May announces workers’ rights pledge as Labour MP vows to vote for her deal
The BBC says that Theresa May is to promise MPs that they will get to vote on any change to workers’ rights after Brexit, allowing them to choose whether to adopt new protections introduced by the EU. However, the TUC has warned that the plans are ‘flimsy procedural tweaks’ and that ‘our hard-won rights are still under threat’. The Daily Mirror adds that Labour’s Shadow Business Secretary Rebecca Long-Bailey accused the Government of an ‘attempt to bribe workers to back their botched Brexit deal’, although Labour MP Jim Fitzpatrick told the paper that he would now be backing the deal.
Javid clashes with May and Hammond over knife crime
The Daily Telegraph claims that Sajid Javid, the Home Secretary, clashed with a ‘defensive’ Theresa May over knife crime at yesterday’s Cabinet meeting in a ‘testy’ exchange. Javid argued in favour of extra resources and expanded stop and search powers, but Chancellor Philip Hammond said the police should ‘prioritise’ current, rather than historic, cases. Writing in the paper, Javid says that it is ‘vital we give the police the powers they need’.
MPs say Home Office remains complacent despite Windrush
The Guardian carries details of a new report by the Commons Public Accounts Committee which finds that the Home Office remains complacent about ‘systemic and cultural problems’ despite the Windrush scandal and is making ‘life-changing decisions based on incorrect data’. It accuses the department of doing ‘as little, rather than as much, as possible’ to help those affected by its actions.
Corbyn’s office accused of intervening in antisemitism investigations
The Daily Telegraph says it has been told by a ‘former Labour official’ that ‘senior allies’ of Jeremy Corbyn routinely intervened in antisemitism investigations, with a leaked email showing that senior aides Seumas Milne, Katie Murphy and Andrew Murray had been copied into one case. Labour dismissed the claims as ‘malicious lies from a disgruntled former employee’, adding that Corbyn’s office had been asked to help clear a backlog of cases.
Chief Whip warns MPs could force soft Brexit
According to The Sun, the Chief Whip Julian Smith has warned the Cabinet that if Theresa May’s Brexit deal is rejected next week, MPs may take back control from the Government and force the UK into a softer Brexit and a customs union with the EU, through an extension to Article 50 followed by an ‘indicative vote’.

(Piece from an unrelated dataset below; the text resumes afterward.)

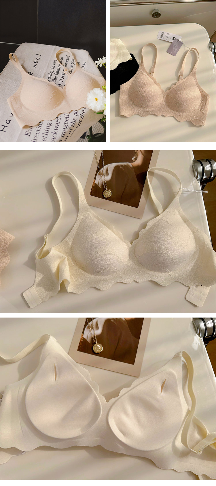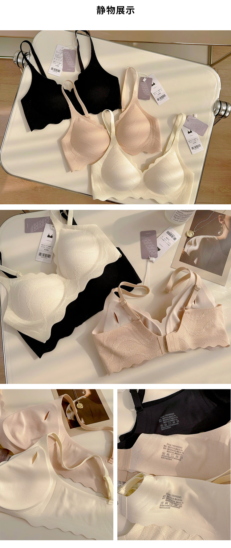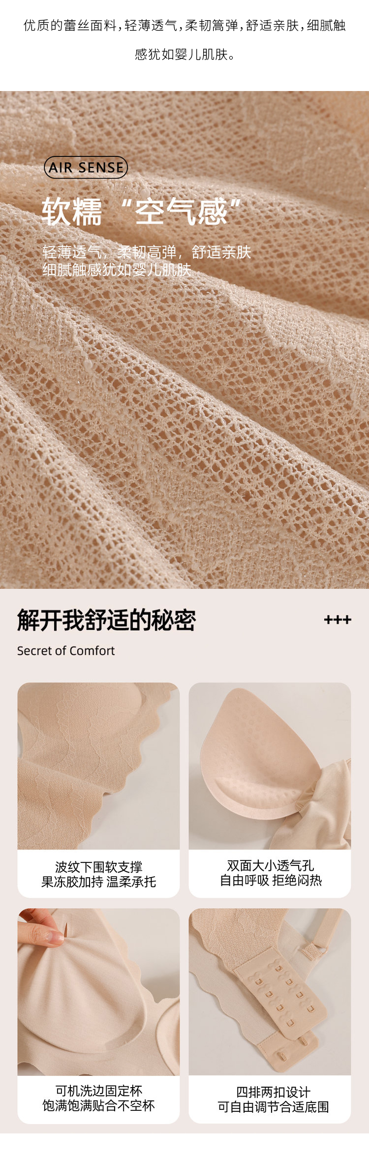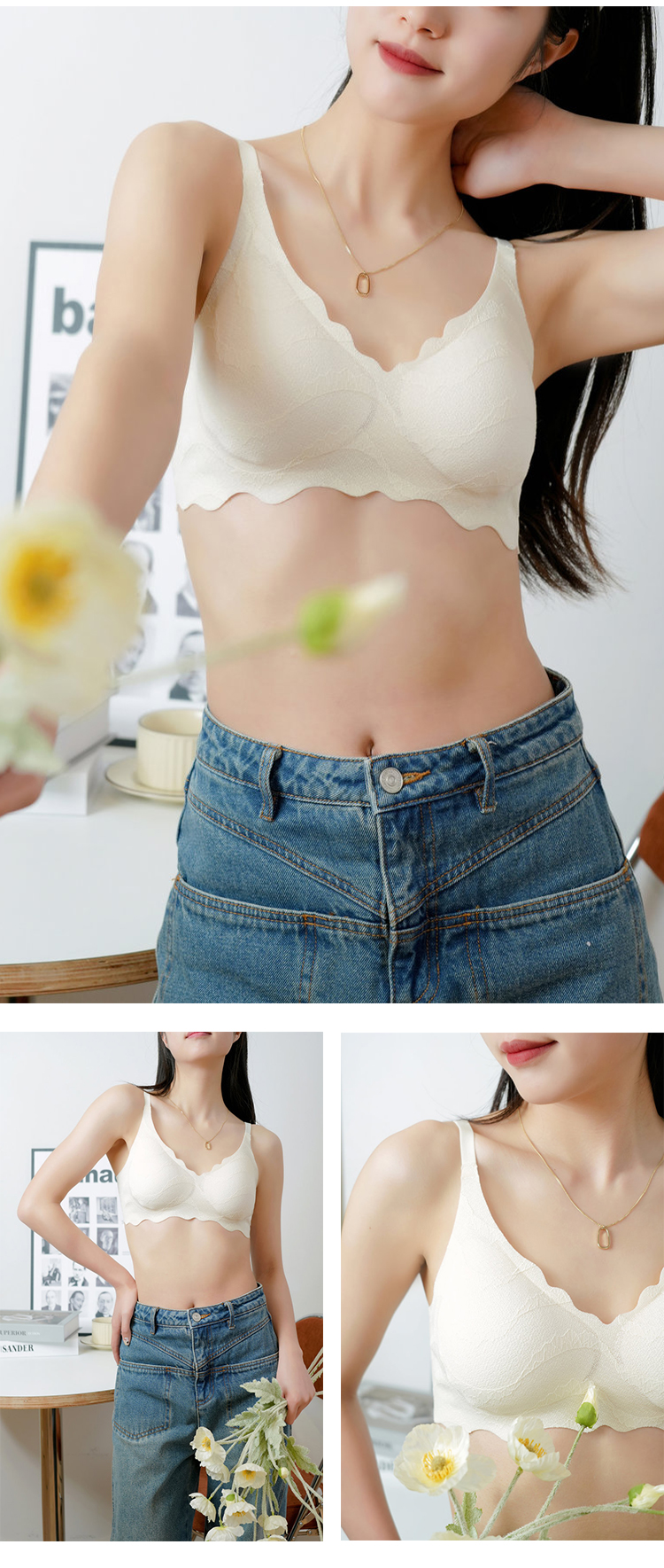 云朵般柔软 果冻胶无钢圈支撑 花面法式波浪边文胸 蕾丝杯面 轻薄透气 蚕丝内里

Hatton attends event with shadow cabinet members days after suspension
The Times reveals that Derek Hatton, who was suspended from the Labour Party over antisemitism allegations just days after being readmitted, attended a fundraising event in Liverpool alongside three shadow cabinet members within a week of his suspension. He was pictured sharing a table with the Labour Mayor of Liverpool City Council, Joe Anderson.
Independent Group in talks to form political party
The Daily Mirror reports that the Independent Group has confirmed that it has held talks with the Electoral Commission about forming a political party, although it has not set a ‘specific timeframe’ for doing so. Group spokesperson Chukka Umunna confirmed that the group wished to field candidates in the next general election.
New plan to tackle potholes targets utility firms
The Times reports that the Department for Transport is to unveil new plans to tackle potholes. Under the new policy, utility firms will be forced to maintain roads for five years after they dig them up, rather than two years as at present. New standards will also compel them to use tougher asphalt which is less prone to potholes.